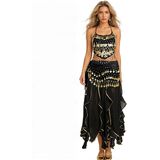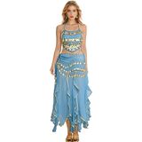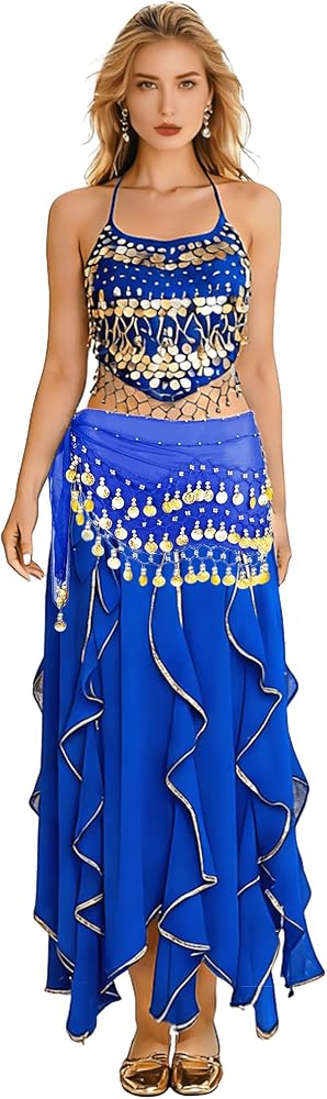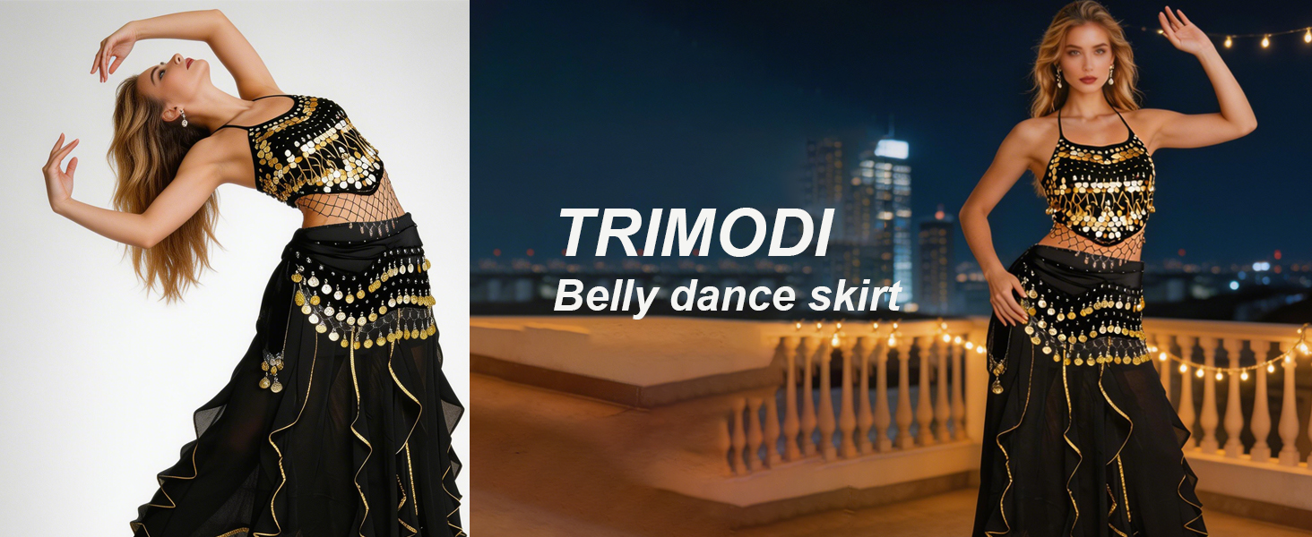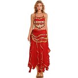 ♥ تصميم لافت للنظر: تنورة رقص بطن مع 128 قطعة معدنية ذهبية لامعة وخرز ذهبي ستصدر صوتًا جميلاً عند التحرك، مما يتيح لك أن تصبحي النجمة الأكثر إبهارًا في الحفلة. أضف الإثارة إلى تمرينات الزومبا الخاصة بك.
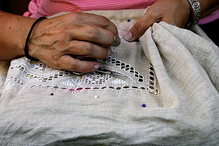 Что необходимо для создания лефкарийского кружева? Нитка, игла, маленькие ножницы, льняное полотно. А еще знание техники вышивки, аккуратность и много много терпения. На создание скатерти размером 100Х100 см порой уходит целый год кропотливой работы.
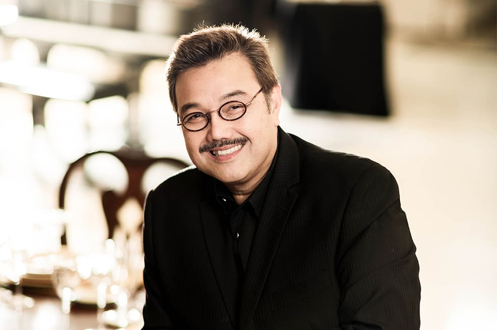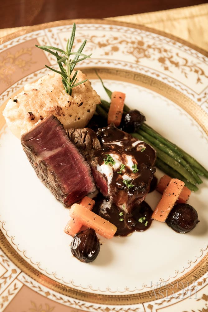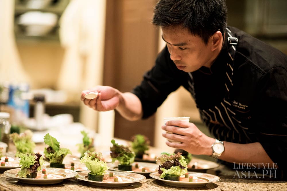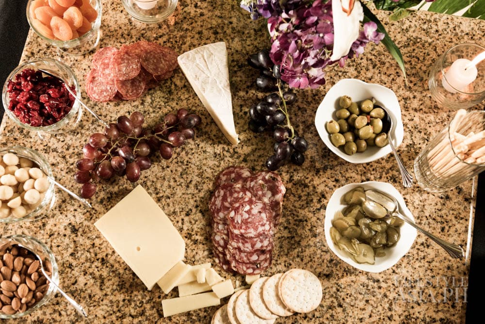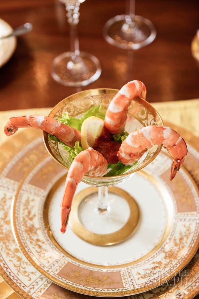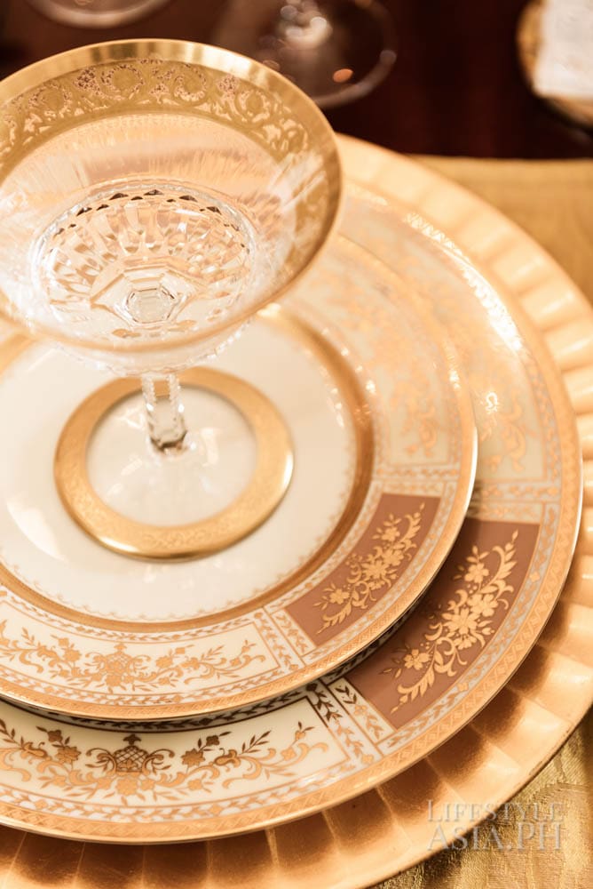 Inside the kitchen, Chef Innan Soriano of the Tower Club prepares an eight-course meal. Innan’s assistant chef, Lance, and headwaiter William are experts working behind the scene who make Ito’s dinners exceptional. “William knows our style. He knows where things are and we trust him. He is a banquet waiter and we usually just text him. If he’s free, he shows up!” says the host. Ito’s table settings are often unusual. He will create a setting without linen tablecloths “just because.” He also does the floral arrangements himself. Having owned several flower shops in the past, Ito has developed an interest and knowledge on how to create centerpieces that are unique.

-.-.-

The expected answer is an unaltered copy of the listing, images removed.

 ♥ تصميم لافت للنظر: تنورة رقص بطن مع 128 قطعة معدنية ذهبية لامعة وخرز ذهبي ستصدر صوتًا جميلاً عند التحرك، مما يتيح لك أن تصبحي النجمة الأكثر إبهارًا في الحفلة. أضف الإثارة إلى تمرينات الزومبا الخاصة بك.
 Что необходимо для создания лефкарийского кружева? Нитка, игла, маленькие ножницы, льняное полотно. А еще знание техники вышивки, аккуратность и много много терпения. На создание скатерти размером 100Х100 см порой уходит целый год кропотливой работы.
 Inside the kitchen, Chef Innan Soriano of the Tower Club prepares an eight-course meal. Innan’s assistant chef, Lance, and headwaiter William are experts working behind the scene who make Ito’s dinners exceptional. “William knows our style. He knows where things are and we trust him. He is a banquet waiter and we usually just text him. If he’s free, he shows up!” says the host. Ito’s table settings are often unusual. He will create a setting without linen tablecloths “just because.” He also does the floral arrangements himself. Having owned several flower shops in the past, Ito has developed an interest and knowledge on how to create centerpieces that are unique.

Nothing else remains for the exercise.